一緒に座り込むと、酒と煙草と、ヴァネッサの甘い匂い。
「それ、もう魔力ないみたいですね」
「ただの煙管でいいんですのよ。わたくしは、そう教えられてきましたし」
ぷかぷかと煙で輪を作って、改めて
もうこれは必要のないものかなと。でも、一応家宝だしなぁと。
まぁこれからは、ただの喫煙具として使わせてもらおうかしら。
なんて考えていると、肩にぽふっと、彼の頭がぶつかった。
「ありがとうございました。エリトリアを救ってくれて」
「え? なんですの改まっちゃって?」
「いや、なんとなく……言いたくなっただけで」
「変なエルクですわねぇ。

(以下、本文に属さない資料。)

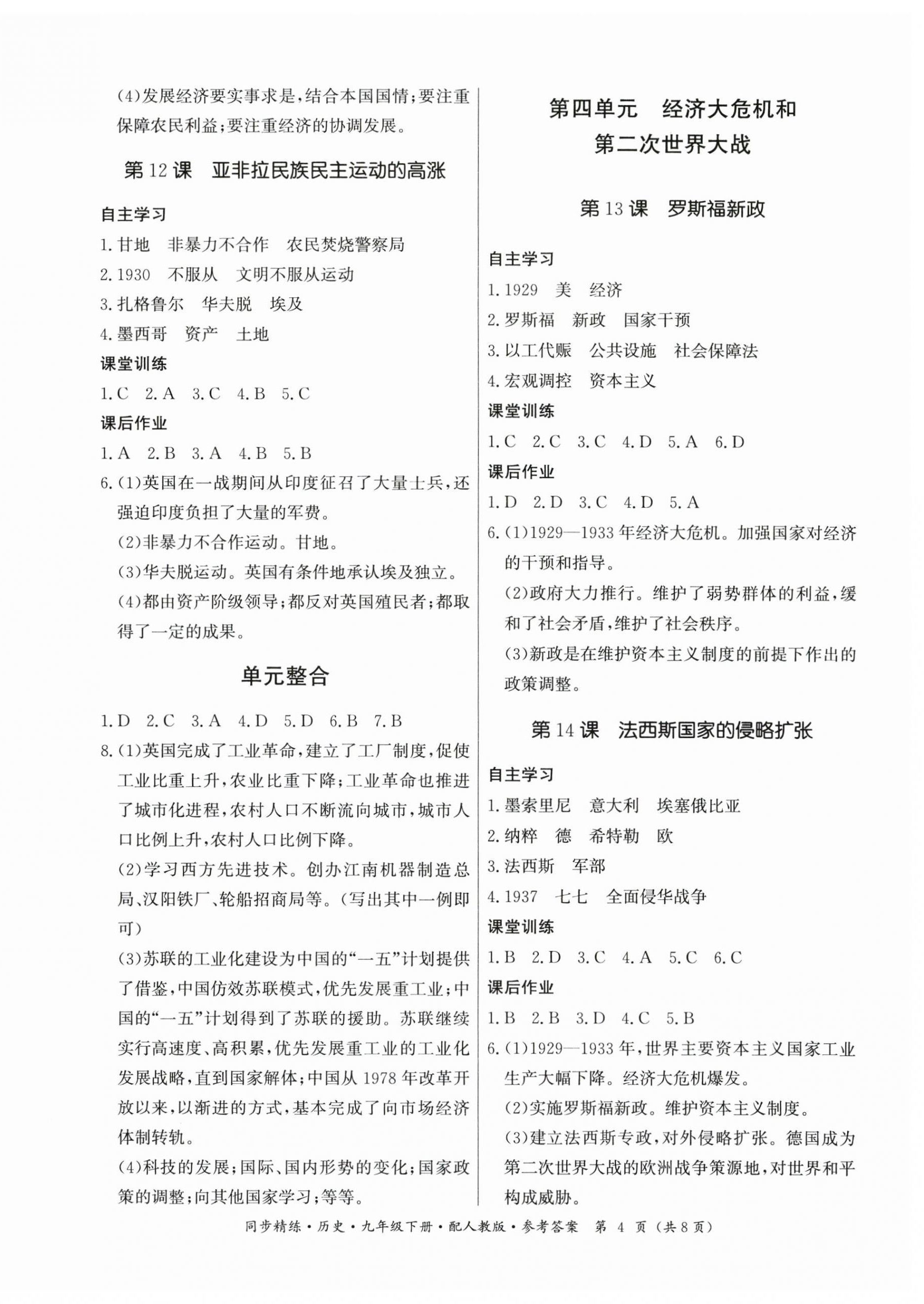 注:目前有些书本章节名称可能整理的还不是很完善,但都是按照顺序排列的,请同学们按照顺序仔细查找。练习册 2024年同步精练九年级历史下册人教版广东人民出版社 答案主要是用来给同学们做完题方便对答案用的,请勿直接抄袭。

わたくしだって、もうこの国の住民ですわ」
母と再会させてくれて。一緒にいてくれて。故郷を護ってくれてありがとうと。
色んな気持ちを込めてエルクは言ったが、ヴァネッサはそれが当然だと返す。
照れくさくてぽりぽりと頬を掻いていると、彼女は続けた。
「もう奴隷じゃなくなりますし……妻として。こう……死が二人を分かつまで、ってやつですの? よろしくお願いしますわね」
「死んだ程度で終わりたくないですよ」
今度は彼女が照れくさそうに、ぷかぷかと煙を吐いた。
ぎゅっと抱きしめると、彼は口をとがらせて。
二人は自然と笑っていた。
「まぁ、それは同意ですの。……愛してましてよ」
「僕も、愛してます」
そしてもう一度、今度はしっかりと抱き合うと。
強く強く、唇を重ねた。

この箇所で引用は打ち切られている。